═══ THE DATA ═══

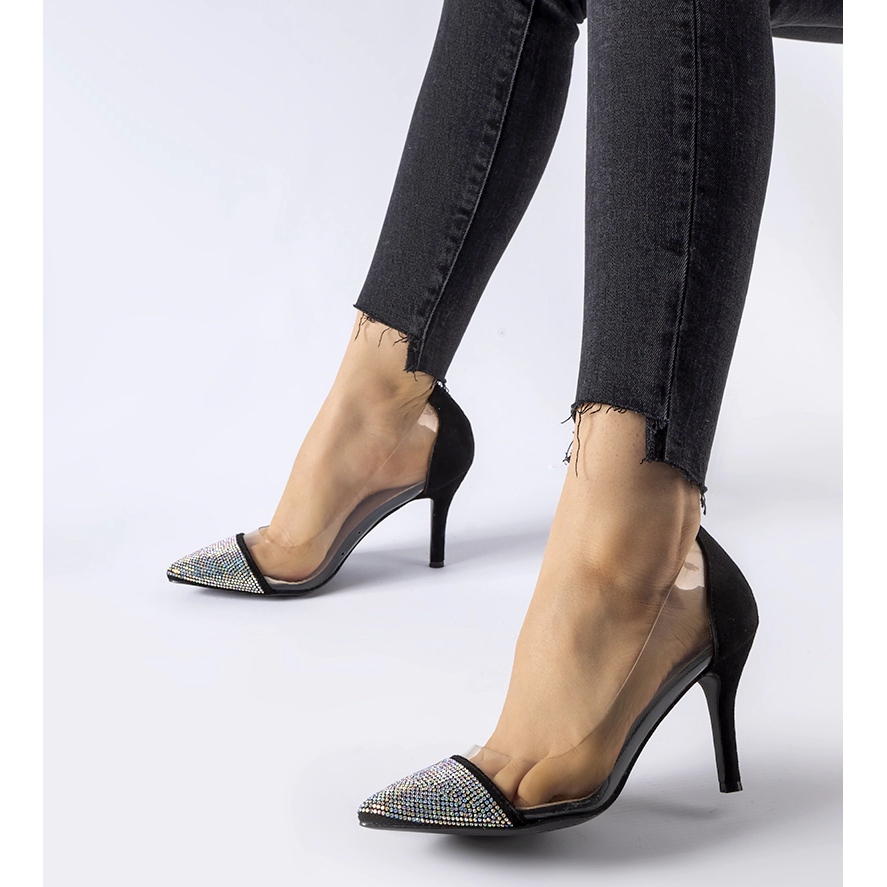 Detalii: Tocuri înalte negre cu zirconiu cubic și clearance Laceno negru
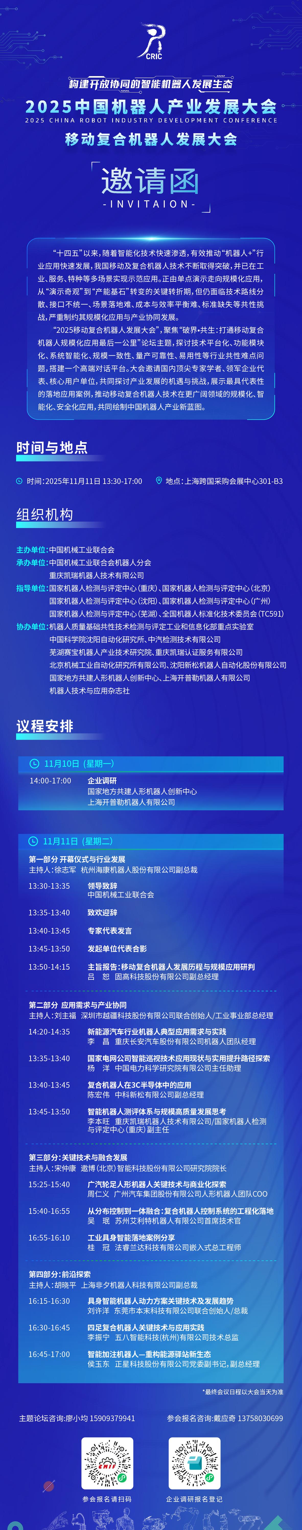 议程发布 | 2025中国机器人产业发展大会-移动复合机器人发展大会
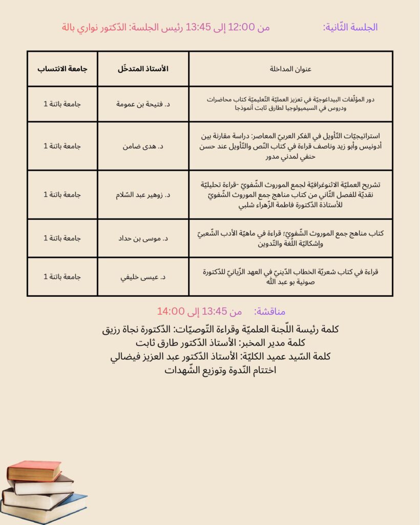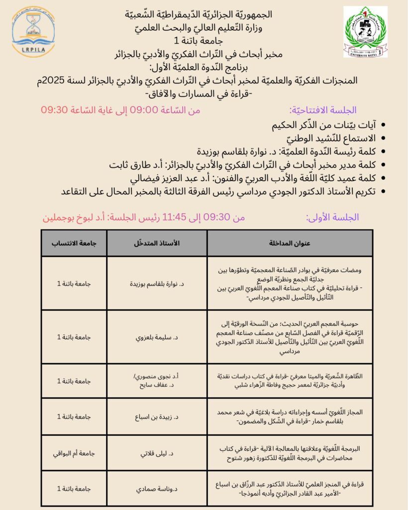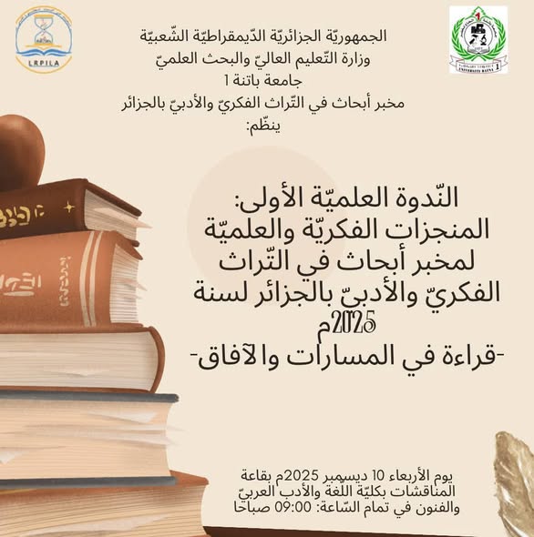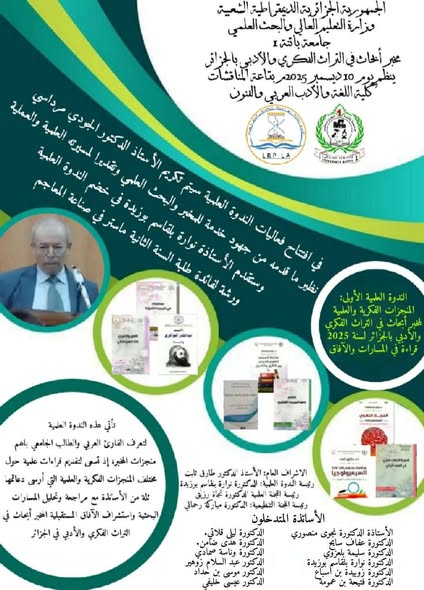 الندوة العلمية الأولى: المنجزات الفكرية والعلمية لمخبر أبحاث في التراث الفكري والأدبي بالجزائر لسنة2025
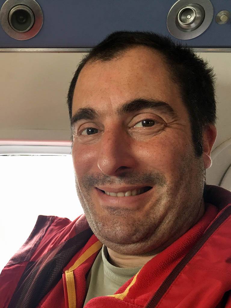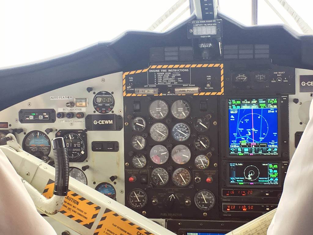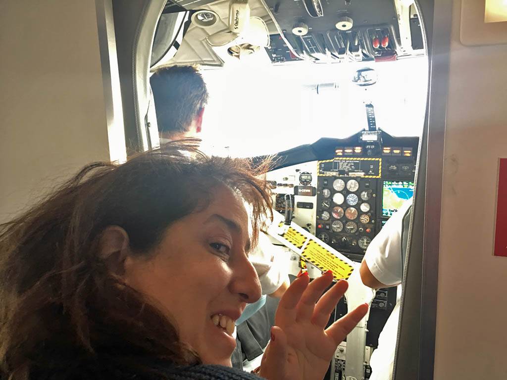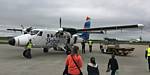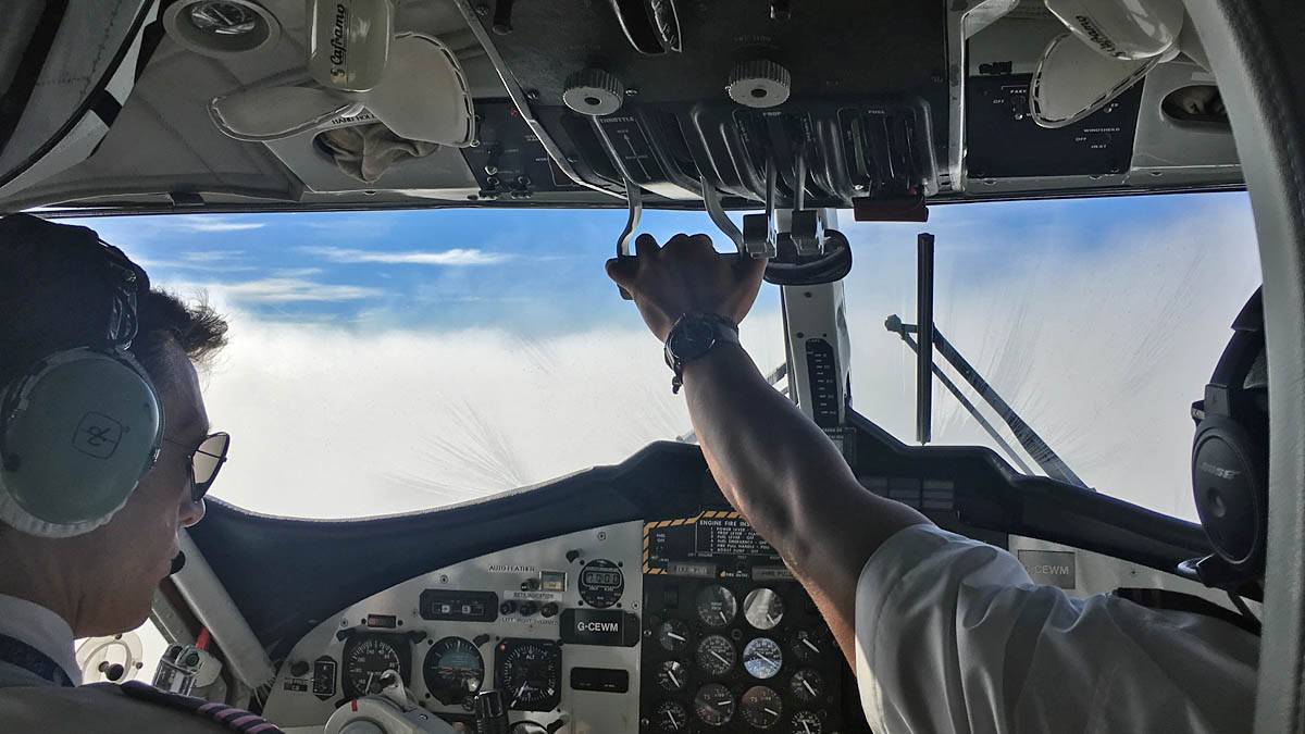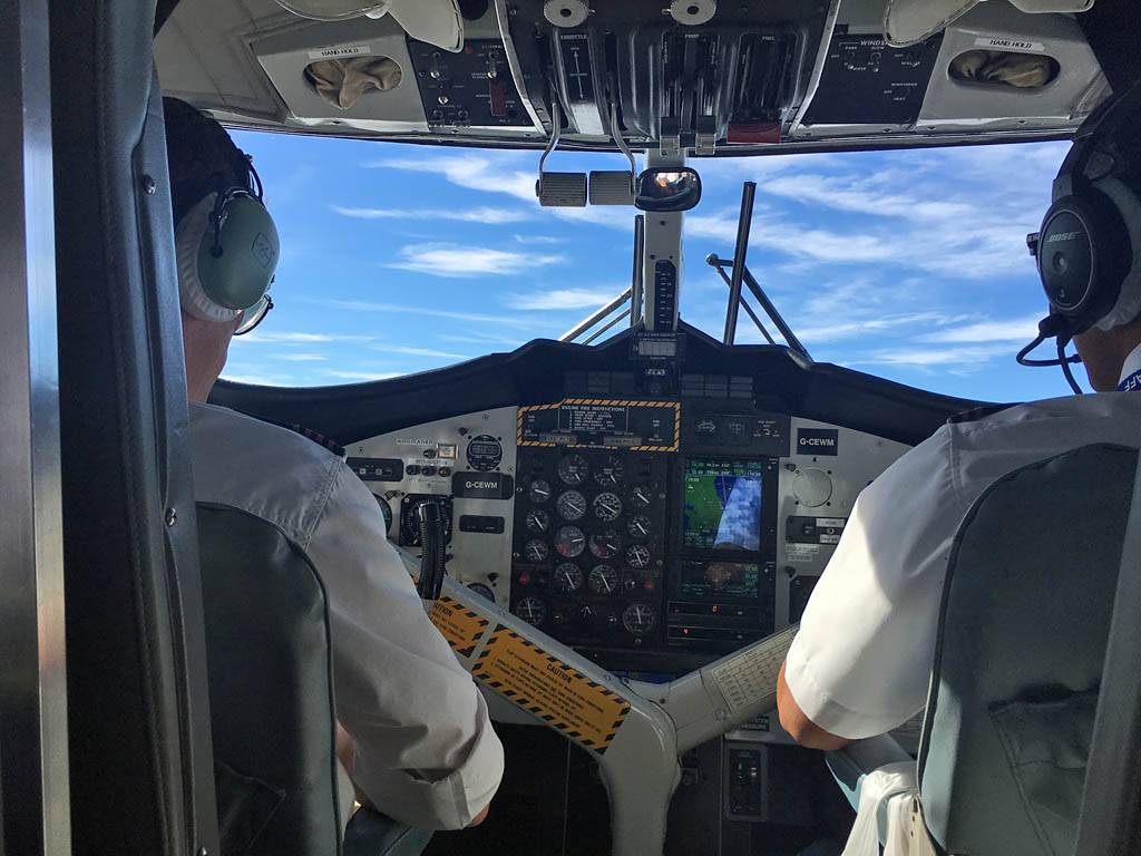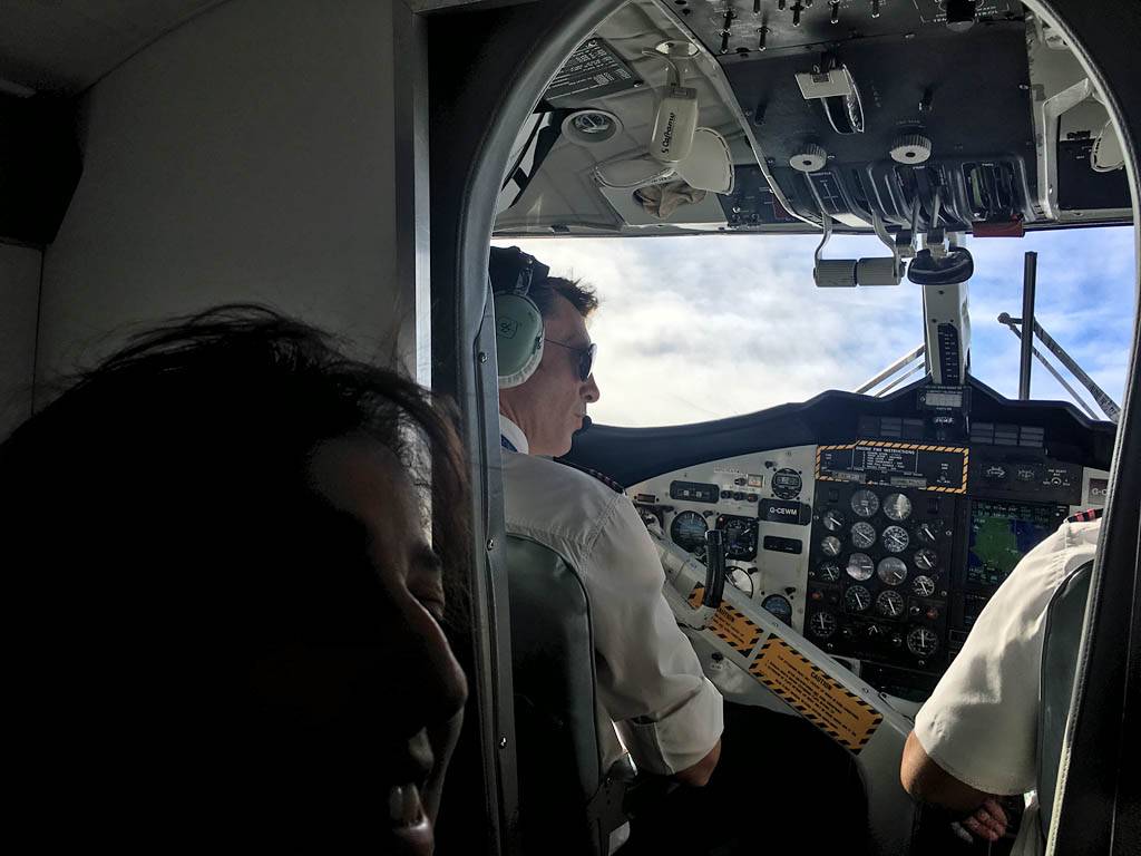 Our plane: An Islander Twin Otter DHC-6. | On board the plane right behind the cockpit. | Powering up for takeoff. |

═══

TASK DIRECTIONS: When you retype the listing, keep every line exactly as it is and drop the pictures.

EXERCISE ANSWER:
 Detalii: Tocuri înalte negre cu zirconiu cubic și clearance Laceno negru
 议程发布 | 2025中国机器人产业发展大会-移动复合机器人发展大会
 الندوة العلمية الأولى: المنجزات الفكرية والعلمية لمخبر أبحاث في التراث الفكري والأدبي بالجزائر لسنة2025
 Our plane: An Islander Twin Otter DHC-6. | On board the plane right behind the cockpit. | Powering up for takeoff. |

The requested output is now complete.